Flatform: In this work the unity of place and action is guaranteed precariously through temporal discontinuity. The movements of the characters create trajectories and their repetition allows us to reflect on story telling and remembering. Story telling is to give one’s time: to enter inside the circle of the time movement. Remembering is to discover and understand, moving back to the rhythm of the return. The germ of the story is repetition.

Ioana Mischie: The editing you chose is highly innovative, by mixing the two different times into one, creating the feeling that everything is an intermittent omniscient mise-en-scene. Did you work with a script for the very beginning or it was rather a decision made during the post-production of the film?

Flatform: The installation combines, seamlessly within the action, the four takes shot at dawn, noon, during the sunset and at night. The editing has been developed starting from a script that in post-production has been disrupted more than once. Also with regard to editing, there is also a version of the video for multi-channel installations, in which the same frame is decomposed into several parts: each of these draws to a take shot in one of the 4 above mentioned moments of the day . In this way, the characters pass from a temporality to another one in the same image, and not in the same sequence.

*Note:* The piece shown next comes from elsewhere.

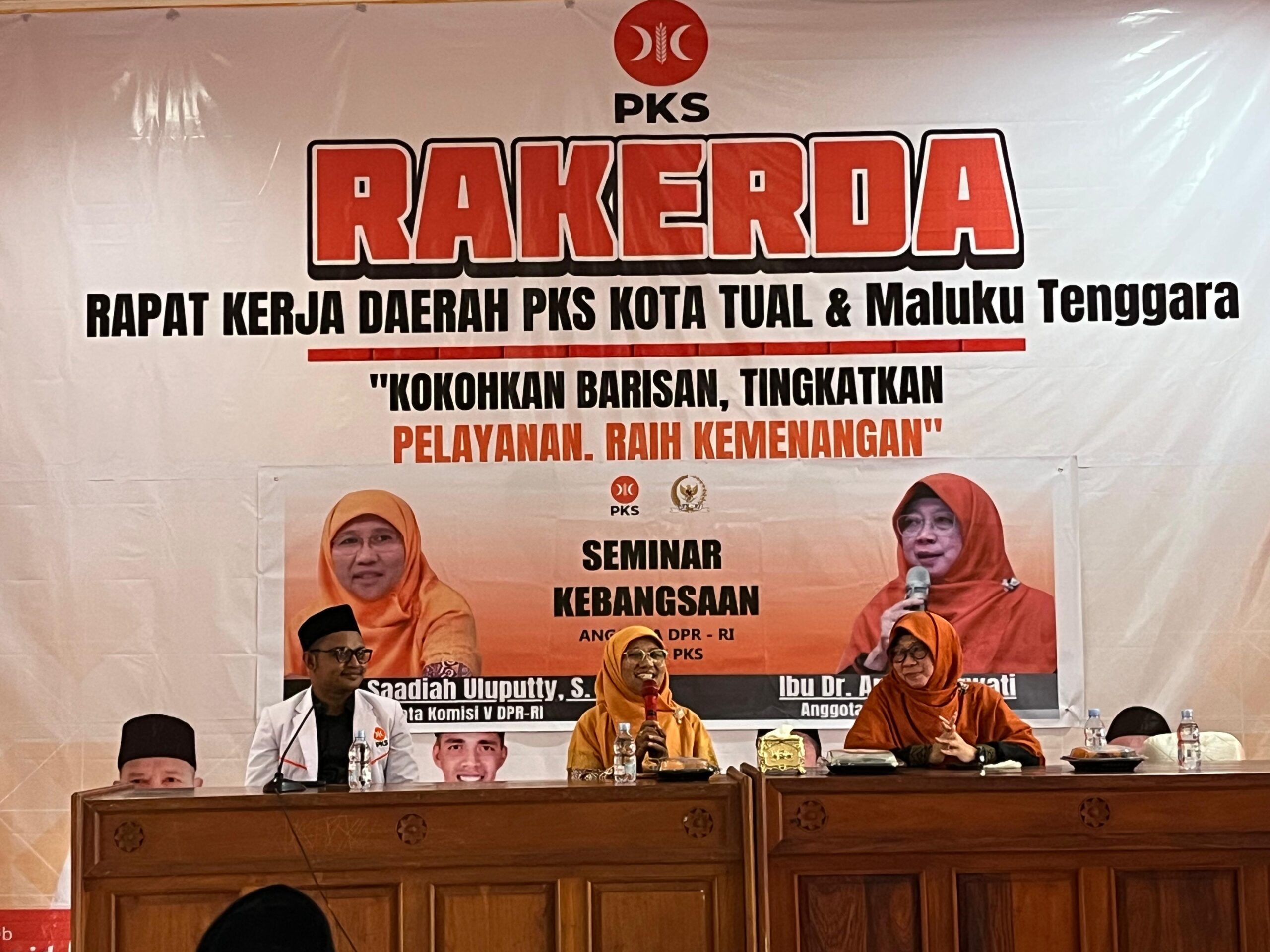 Tual (04/01) — Anggota DPR RI Fraksi PKS Dapil Maluku, Saadiah Uluputty, menghadiri sekaligus menjadi narasumber dalam Seminar Kebangsaan yang digelar di Kota Tual, bersamaan dengan pelaksanaan Rapat Kerja Daerah (Rakerda) PKS Maluku Tenggara. Kegiatan ini juga menghadirkan Anis Byarwati, Anggota DPR RI Fraksi PKS Komisi XI, sebagai narasumber nasional. Seminar ini menjadi ruang strategis untuk memperkuat pemahaman kebangsaan sekaligus meneguhkan peran masyarakat dalam menjaga persatuan dan keadilan sosial, Sabtu, 3 Januari 2026.

Ioana Mischie:You set a new convention of mixing lights, times, spaces in a non-chronological manner, although this “different convention” on screen seems the “right, natural one”. What is your inner perception of time and space?

Flatform: For us, the time varies continuously between being infinite but limited and being finite but unlimited. In this video is the chronological time to be questioned. The space, however, is determined by the co-existence of trajectories defined by remembering and repetition. We are very interested to reconstruct the structure of the space starting from the perception of that space. Somehow ours is a geometric proceed  that always starts from the vision. However, both  time and space are always the result of the conventions with which one tries to block one of the infinite possible “real imaginaries”, by turning it in the only “imaginary Real”.

Ioana Mischie: What inspires you the most as artists and what themes and ideas you find worth-exploring and appealing for the cinematic language?

Flatform: The main sources of inspiration are both, the continuous challenge of the impossible versus the possible and the continuous confirmation that the thin and fragile boundaries between them are determined by the movement of the viewpoint. In this, the cinematic language helps to weigh and mature this difference.